Я спешно потрусил за другими по длинным коридорам.
Тесный двор с высокой стеной открывался передо мной. Декабрьское солнце было холодным, и ветер свистел вокруг углов. Я постоял одну секунду на высоте лестницы, как всегда, и увидел тонкую полоску мира, которую можно было здесь видеть только с этого места — полоса луга, шоссе, расплывающиеся, пустынные холмы.
Тут охранник схватил меня за руку: — Вам нужно еще раз прийти в администрацию! В административном здании стоял директор с торжественным лицом. Я едва ли мог дышать.
Директор смотрел на меня испытывающим и холодным взглядом. Я остановился перед ним, уже почти удовлетворенный тем, что я, очевидно, снова обманулся. Директор сказал: — Я должен сообщить вам радостную новость… — Когда, когда…? — закричал я. Директор, улыбаясь, протянул мне руку и сказал: — Вы можете быть освобождены в одиннадцать часов.
Я взял себя в руки. Одну секунду я медлил, все же, потом я пожал протянутую руку. Я повернулся, шатаясь, и пошел, спотыкаясь, вниз по лестнице, а затем почти с закрытыми глазами побежал к своей камере. Там стоял начальник охраны, он открыл дверь, взял меня за запястье и сказал: — Пульс 250!

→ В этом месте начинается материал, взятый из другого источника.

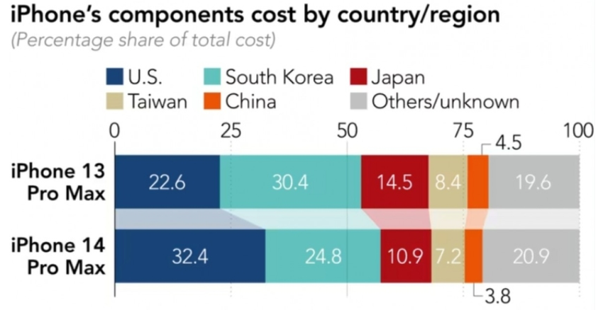 Prawie jedna trzecia (32,4%) komponentów pochodzi od firm z USA, podczas gdy w iPhone 13 Pro Max ich udział wynosił niespełna jedną czwartą (22,6%). W pierwszej trójce znajdują się komponenty południowokoreańskie (24,8%) i japońskie (10,9%). Choć w porównaniu z iPhone 13 Pro Max ich udziały spadły odpowiednio o 5,6% i 3,6%.
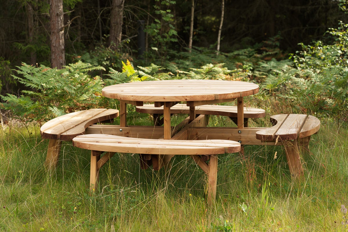 Stabilt picknickset i brun, impregnerad furu – den perfekta kombinationen av hållbarhet och funktion för utomhusaktiviteter. Tilllverkat av högkvalitativ furu som genomgått en brun impregnering, vilket inte bara framhäver träets naturliga ådring utan ger också effektivt skydd mot väder och vind. Genomtänkt design med generösa sittplatser och ett rymligt rekatangulärt bord, perfekt för familjesammankomster, trädgårdsfester eller en lugn stund i solen.
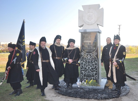 Однострої Чорних Запорожців часів УНР на відкритті підкреслювали те, що боротьба за Волю України точиться в усі часи... На фото крайній справа - нащадок загиблих ОУНівців Мирослав Цимбалко (в однострої), поруч з ним - Олег Собченко
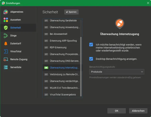 Quelle: PCtipp.chKlicken Sie auf Entsperren. Geht es Ihnen ausschliesslich ums Verfolgen von Verbindungsabbrüchen? Deaktivieren Sie sämtliche Überwachungsfunktionen, mit Ausnahme von Überwachung Internetzugang. Dort aktivieren Sie diese beiden Kästchen: Ich möchte benachrichtigt werden, wenn meine Internetverbindung unterbrochen oder wiederhergestellt wurde sowie Desktop-Benachrichtigung anzeigen. Lassen Sie es nun nebenher laufen. Wenn die Internetverbindung abbricht oder sich wieder aufrappelt, finden Sie diese Informationen im Reiter Alarme. Davon könnten Sie z.B. Ihrem Internetprovider einen Screenshot schicken.
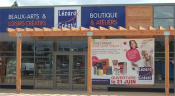 En pénétrant dans la surface de vente « Lézard Créatif » sur la zone de la Mude, les amateurs de peinture se trouveront immédiatement à l'aise parmi les produits proposés et présentés d'une manière très lisible par familles et par gammes d'articles. Tout pour le dessin et la peinture : toile, papier, crayon, fusain, pastel, la peinture huile, aquarelle, acrylique, tout ce que le dessinateur, le peintre amateur ou confirmé recherche est ici. Dans le fond du magasin de grandes tables et des bancs destinés aux ateliers. Vous ne savez pas peindre ou dessiner, mais vous voulez apprendre??
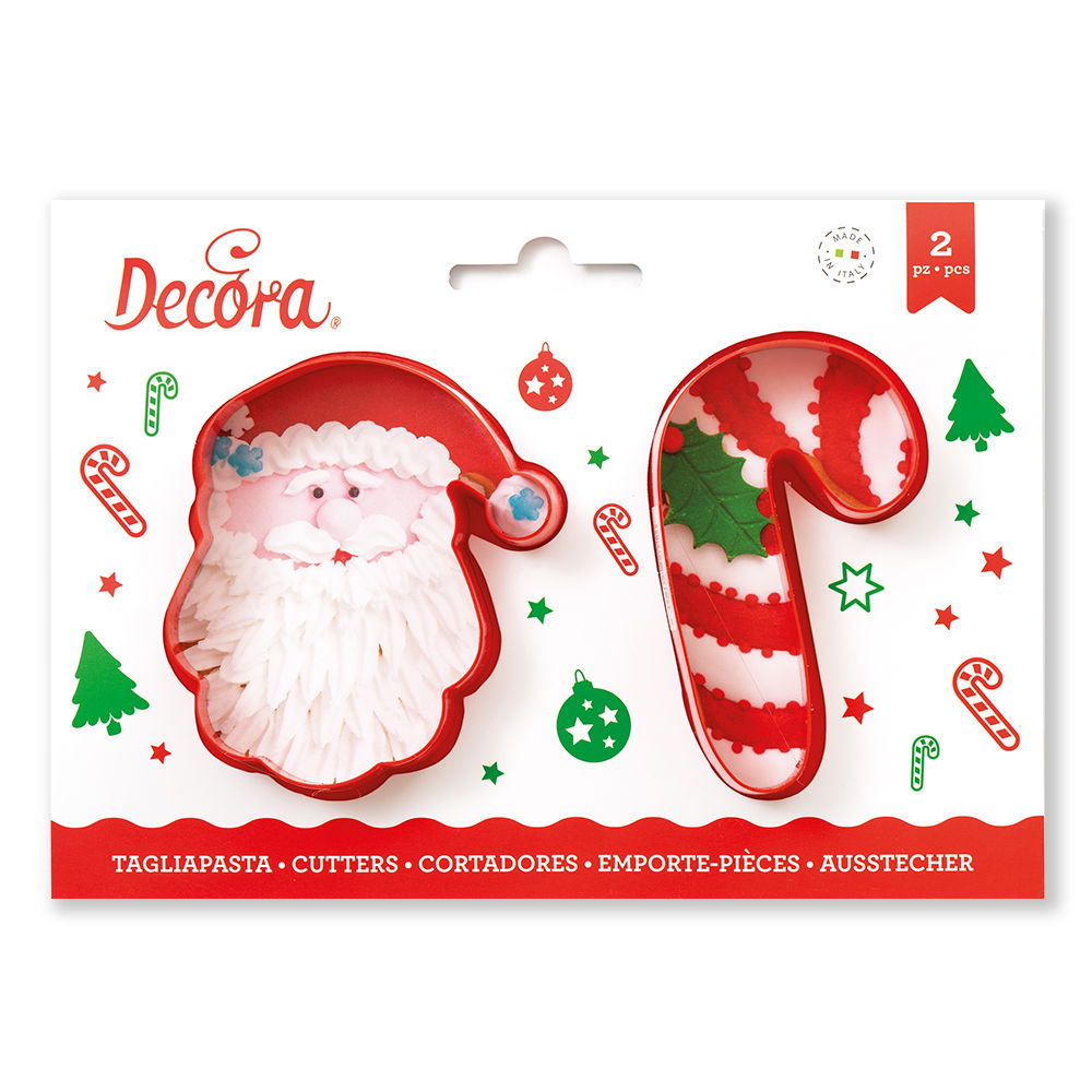 Biscuiti sau Decoruri Craciun - Decupatoare Plastic Mos Craciun, Candy Cane Ø 8.5 x H 2 cm, Set 2 Buc
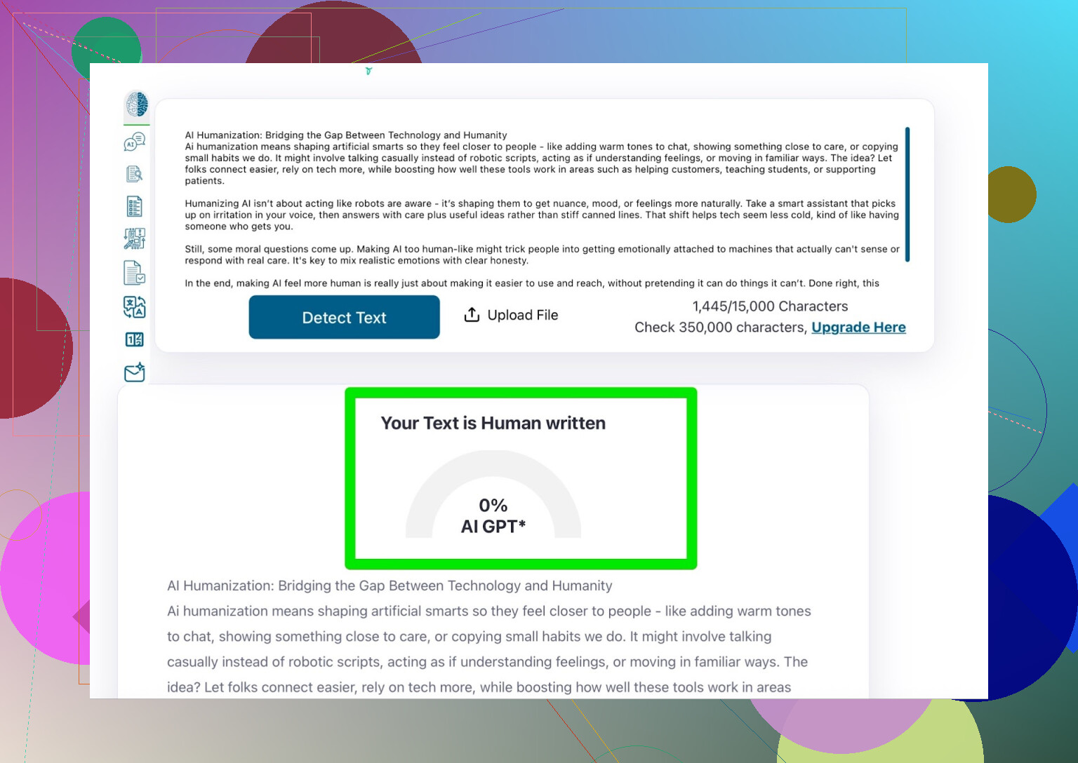 Honestly? The outcome was more disappointing than a ‘promised release date’ from your favorite game dev. The AI detector scores didn’t budge. On top of that, Walter Writes started spitting out bizarre, intentional misspellings (yep—actual typos). Stuff like “humna” instead of “human.” If you’re publishing for SEO or submitting college essays, might want to think twice before trusting a random app to ‘fix’ your writing with obvious errors.
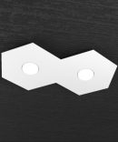 La plafoniera a 2 luci della collezione Hexagon è composta da una sottile lastra in metallo dalla forma di 2 esagoni uniti assieme, verniciato in bianco.
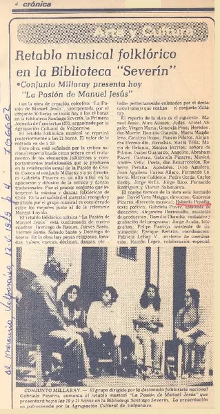 Retablo musical folklórico en la Biblioteca "Severín". [artículo]. fo...
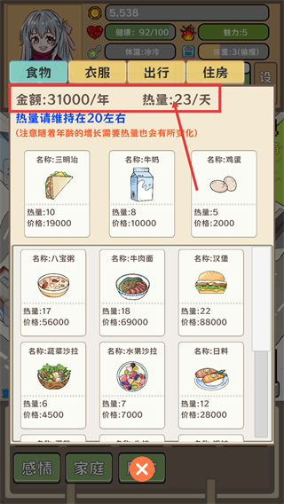 4、搭配食物后,需查看当前热量(如23/天)是否接近建议值,可根据金额与热量需求调整食物选择以适配角色状态。
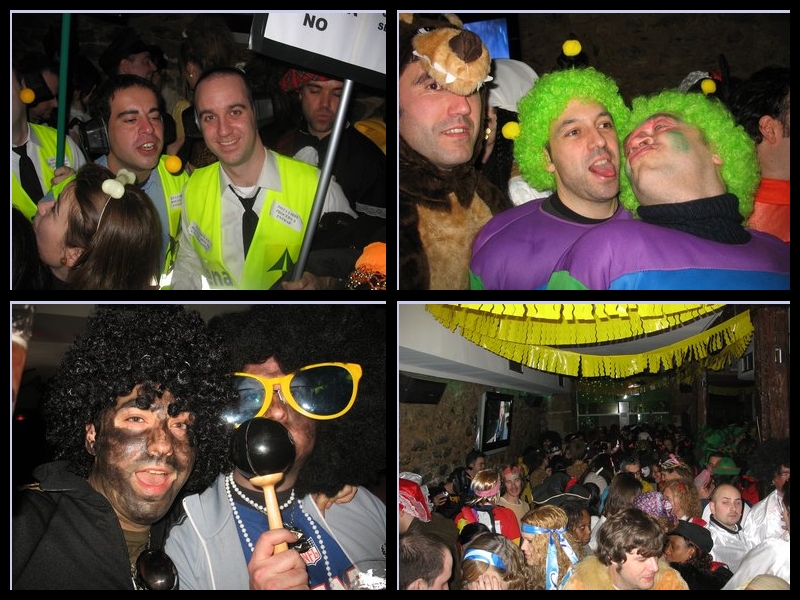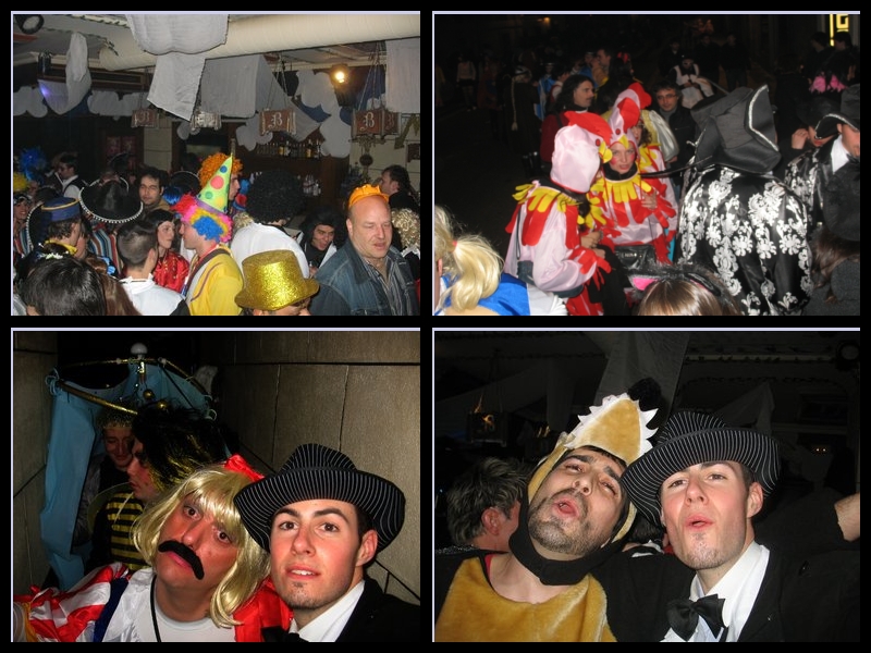 Le jour du Carnaval, c'est Carnaval:on a le droit de s'habiller comme on veut ; mais pas seulement pour la soirée, pour la journée également. C'est comme ça que j'ai croisé à 11h du matin Cruella, accompagnée de 3 marmots : Pocahontas, un cow-boy et un ninja. À côté, un couple faisait du lèche-vitrine : l'homme habillé en cow-boy avec un authentique pantalon à franges et un Stetson, tandis que sa copine était déguisée en Catwomen.
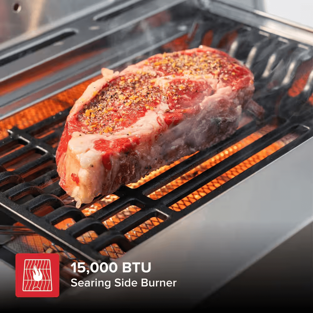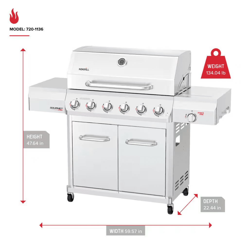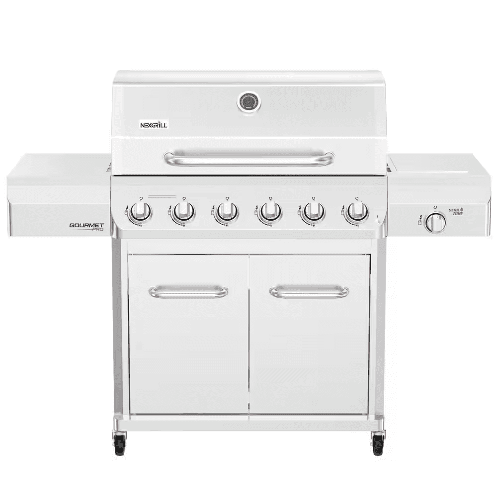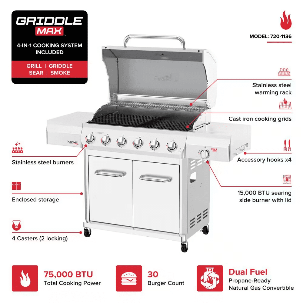Experience grilling like never before with the Nexgrill Gourmet Pro 6-Burner Dual Fuel Gas Grill in Stainless Steel with Searing Side Burner. Offering an expansive 804 sq. in. of total cooking space, this powerhouse features 6 main burners and a searing side burner that deliver a combined 75,000 BTU of flame-roasting energy. The innovative even heat cooking system, complete with stainless steel burners, angled flame tamers, and porcelain-coated cast-iron cooking grids, ensures consistent heat distribution across the entire grilling surface while minimizing flare-superelevated your culinary skills with the Griddle Max Cooking System, which allows you to not only grill but also salute, griddle, and smoke, providing you with the versatility to cook restaurant-style cuisine. The electronic ignition system ensures instant startup, while the upper-level warming rack keeps buns and food perfectly toasty. Designed for both convenience and performance, this grill features casters for easy mobility and a built-in thermometer for precise temperature control. Although initially set up for use with liquid propane, the Gourmet Pro’s dual-energy gas valves make it easy to convert to your home’s natural gas line. Transform your backyard into the ultimate grilling destination with the Nexgrill Gourmet Pro 6-Burner Gas Grill in Stainless Steel with Searing Side Burner, featuring the Griddle Max Cooking System.
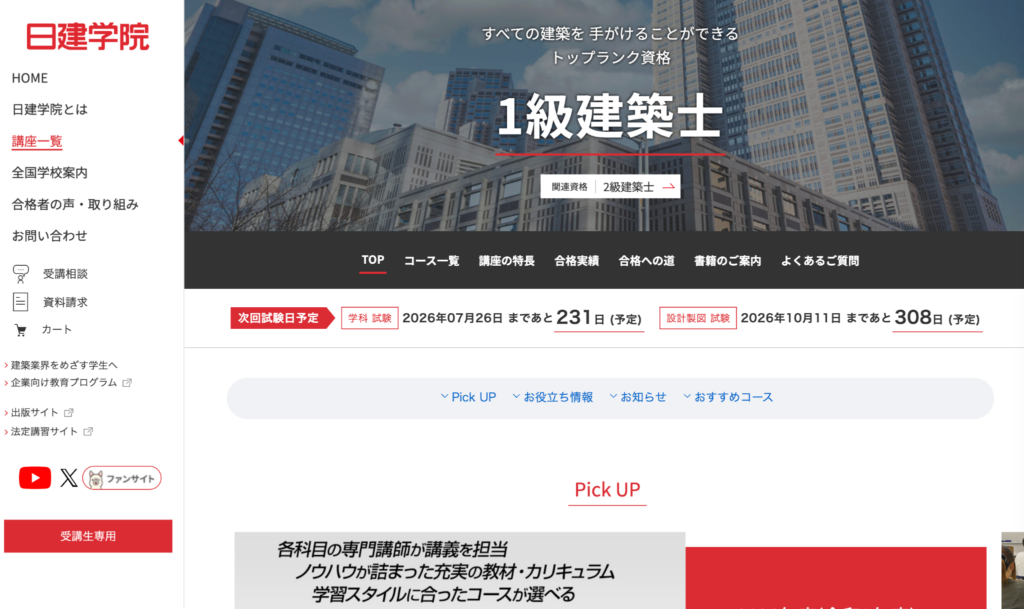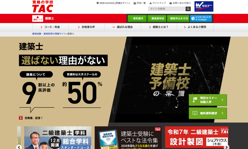 資格の学校TACは大手資格予備校として知られており、一級建築士向け講座でも学科・製図の両方について体系的なカリキュラムが紹介されています。

Я не мог образумиться. Я бросал свои вещи, книги, тетради, картины, письма в один ящик, потом из этого ящика в другой, и только смутно чувствовал, что этот хлам включал в себя все, что в течение пяти лет только и представляло для меня ценность и радость. Дверь долго открывалась и закрывалась. Весь медлительный бюрократический аппарат тюрьмы, скрипя и кряхтя, пришел в движение,
Но растворялась ли эта скованная неподвижность на самом деле? Да, она расслаблялась, но она переходила не в радость, она переходила в движение, в дрожащее, спешное, нервное движение, как будто я больше не должен был пропустить ни секунды, как будто каждое мгновение теперь стало важным, несло в себе разнообразие мира, наполняло все мое бытие и не оставляло места для ясного ощущения и желания. Когда это было, что я уже стоял в этом огромном напряжении, что я переживал, переживал глубоко и интенсивно и, все же, не пришел к настоящему переживанию? Тогда, перед первым боем?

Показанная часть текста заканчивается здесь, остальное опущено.